▶ _WHAT YOU SHOULD DO_:
Your job is to return each record exactly, minus any pictures.

▶ _EXCERPTED DATA_:
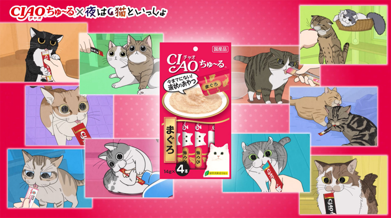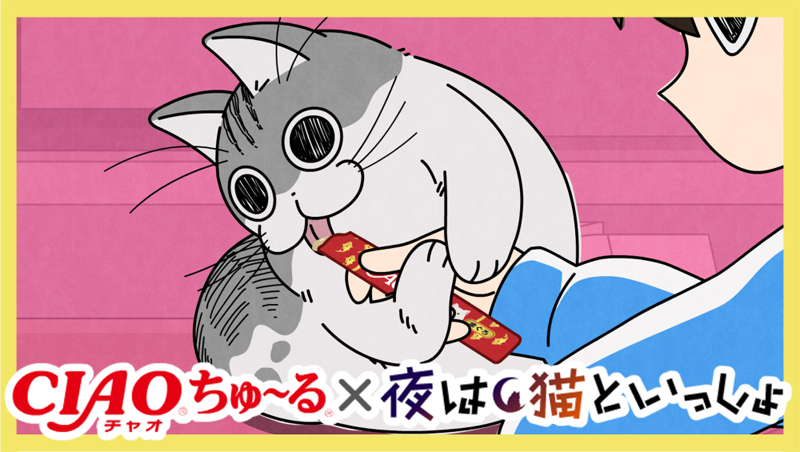 アニメ『夜は猫といっしょ』と『CIAOちゅ~る』とのコラボが決定しました。
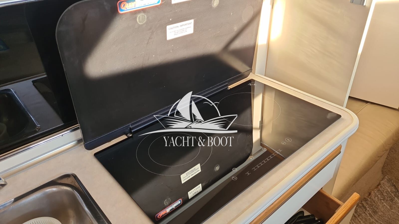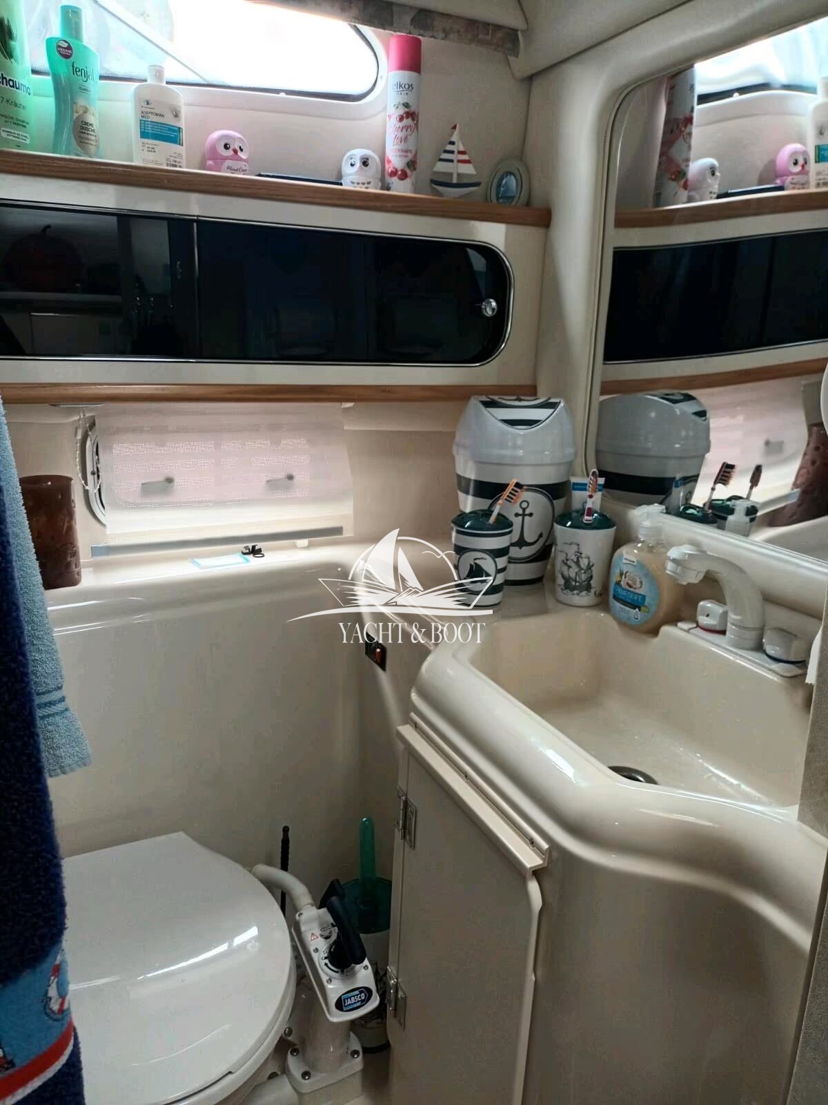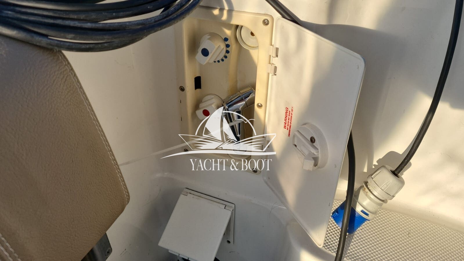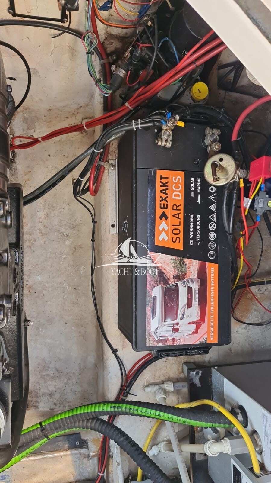 Technically, the Bayliner is excellently equipped. It has a shore power connection (220 V), battery charger, new starter and consumer batteries, pressurized water system, hot water boiler, inverter, generator, underwater lighting and trim tabs with display. A bow thruster facilitates maneuvering in harbors and narrow areas.
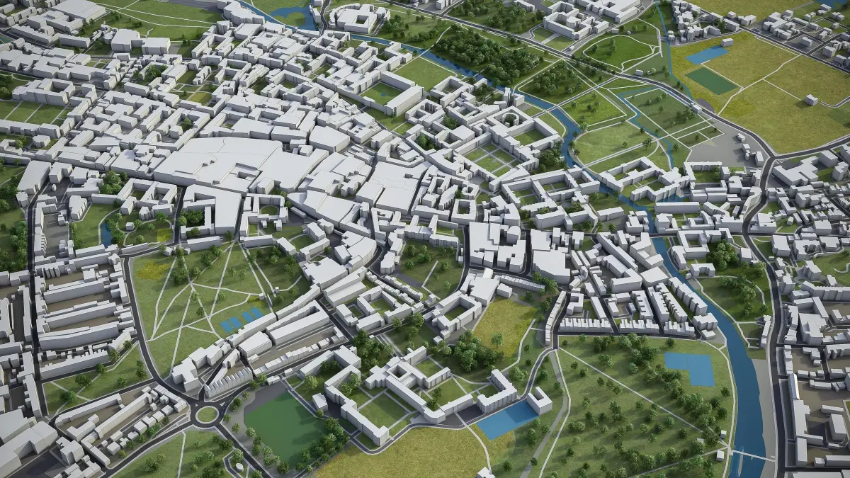 - Full city extents up to 100 x 100 km — or crop to an area of interest for better format compability and scene performance
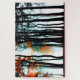 Black silhouettes of a forest of trees, their leaves changing colour in a glorious display of autumnal beauty. The trees are depicted against a white background, which makes the colours of the leaves pop. The branches of the tree are delicate and intricate.
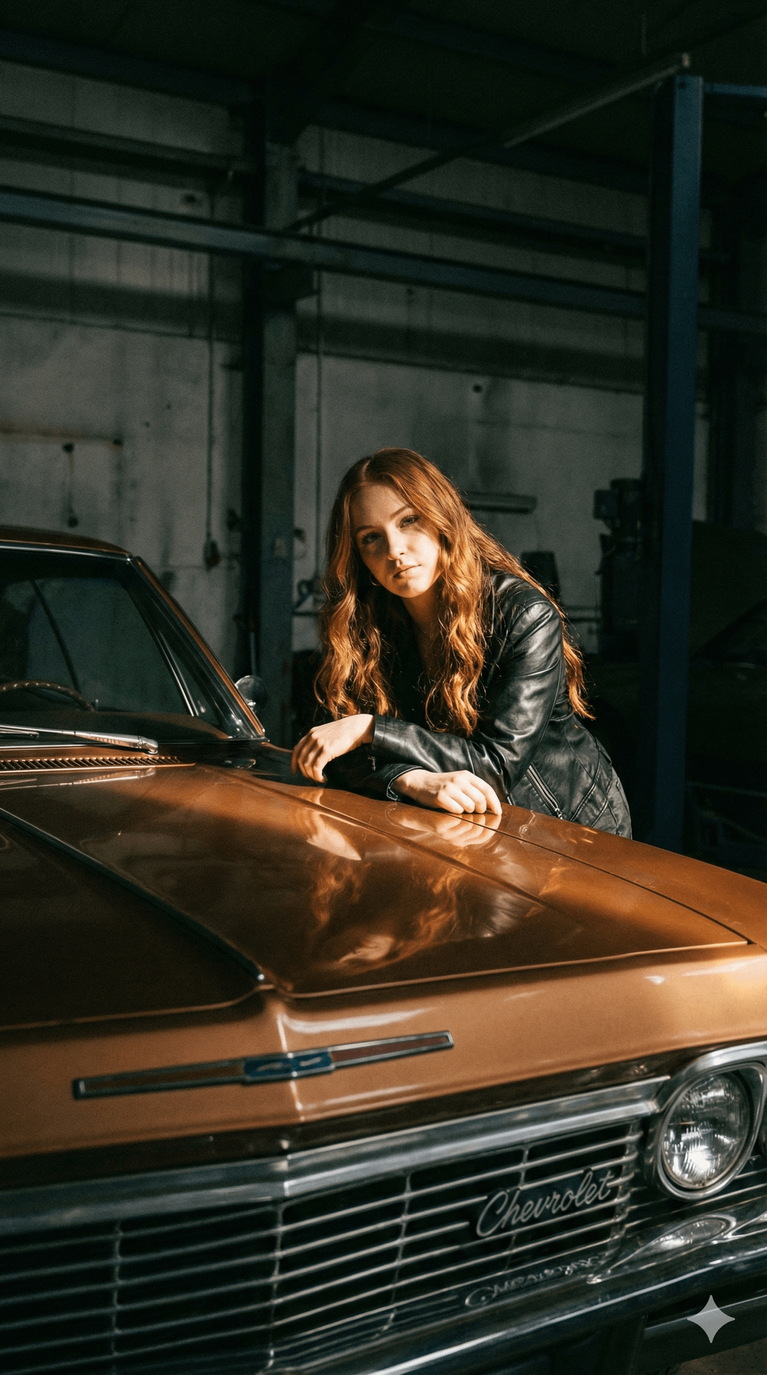 Prompt: A dramatic, low-key vertical portrait featuring a young woman with long, voluminous auburn hair, dressed in a black leather jacket, leaning intimately with her arms crossed on the hood of a vintage car. The car features a highly reflective, glossy metallic bronze or copper paint finish, bearing a script-style emblem (likely "Chevrolet") on its front. The lighting is highly stylized and focused, employing a hard, directional key light that intensely illuminates the woman's face and the car's reflective surface, creating deep, abundant shadows that isolate the subjects from the dark, indistinct industrial background (likely a garage or studio). This high-contrast technique emphasizes the textures of the shiny car, the smooth leather, and the wavy hair, giving the image a moody, cinematic, and timeless aesthetic. Create this in 9:16 aspect ratio

▶ _RESPONSE TO THIS EXERCISE_:
 アニメ『夜は猫といっしょ』と『CIAOちゅ~る』とのコラボが決定しました。
 Technically, the Bayliner is excellently equipped. It has a shore power connection (220 V), battery charger, new starter and consumer batteries, pressurized water system, hot water boiler, inverter, generator, underwater lighting and trim tabs with display. A bow thruster facilitates maneuvering in harbors and narrow areas.
 - Full city extents up to 100 x 100 km — or crop to an area of interest for better format compability and scene performance
 Black silhouettes of a forest of trees, their leaves changing colour in a glorious display of autumnal beauty. The trees are depicted against a white background, which makes the colours of the leaves pop. The branches of the tree are delicate and intricate.
 Prompt: A dramatic, low-key vertical portrait featuring a young woman with long, voluminous auburn hair, dressed in a black leather jacket, leaning intimately with her arms crossed on the hood of a vintage car. The car features a highly reflective, glossy metallic bronze or copper paint finish, bearing a script-style emblem (likely "Chevrolet") on its front. The lighting is highly stylized and focused, employing a hard, directional key light that intensely illuminates the woman's face and the car's reflective surface, creating deep, abundant shadows that isolate the subjects from the dark, indistinct industrial background (likely a garage or studio). This high-contrast technique emphasizes the textures of the shiny car, the smooth leather, and the wavy hair, giving the image a moody, cinematic, and timeless aesthetic. Create this in 9:16 aspect ratio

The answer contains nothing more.